To say that the emphasis on the value of spiritual meditation is foreign to Christianity is not true. It is stressed in both the Old and the New Testament. We read about Isaac that at eventide he went into the field to meditate. The Psalmist declares concerning the righteous that they meditate on God’s law day and night. Many other passages in the Psalms speak of this spiritual activity. Paul admonishes liS to set our minds on the things which are above (Col. 3:2). In Philippians 4:8 he urges us, with reference to the practice of the things that are true, honorable, just, pure, lovely, and of good report, that we should think on them.
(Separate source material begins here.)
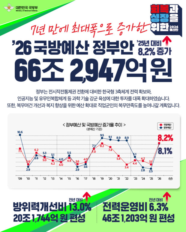 지난 8월말 정부는 내년도 국방예산을 약 66조원 규모로 편성했다. 2025년 대비 약 5조원 증액인데, 전체 국방예산뿐 아니라 전년 대비 증액분도 최대 수준이다.

It cannot be denied that meditation has almost become a lost art among Christian people today. The rush of modern life has almost extinguished the desire for “the quiet hour” and made its observance difficult. Our spiritual life is superficial because we do not take time to think and to read; for he who does not read does not think. From this point of view we can see the tragedy of the trend, so pronounced even in evangelical circles and deplored in the preceding article, to so fill the Lord’s day with activity—yes, religious activity -that little time if any is left for retreating to a quiet place in the home for coming to ourselves, engaging in quiet reflection, and replenishing our spiritual life by the reading of Scripture, wholesome books, and religious magazines.
Many of our younger men and women who are deeply interested in the things of the Kingdom of God—for which they are to be commended—spend the Lord’s day rushing from one place to another. They go from church to Sunday school or church society, from Sunday school back home to eat dinner, from dinner to the mission or the jail to speak or sing or distribute tracts, and then often, after the evening service, to a hymn sing or some other kind of religious entertainment. Even apart from the fact that such a day fails to afford us the physical rest which our bodies need, the lack of meditation and reading is a distinct spiritual loss. We need our Sunday afternoons to be able to digest the things we hear in sermons and Bible class discussions. We need time for self-examination, for conversation with our children, for calm thinking and unhurried reading—so conducive to intellectual and spiritual enrichment and to the improvement of our home life. We need the deepening of our religious convictions and the renewal of our fellowship with God, which is the foundation of all true godliness.
Let the Sabbath day be not only a day for physical rest and public worship but also one in which we retreat to the inner sanctuary of the soul, where the Holy Spirit dwells, whose still small voice cannot be heard unless we “come apart and rest awhile” in the shadow of God’s presence.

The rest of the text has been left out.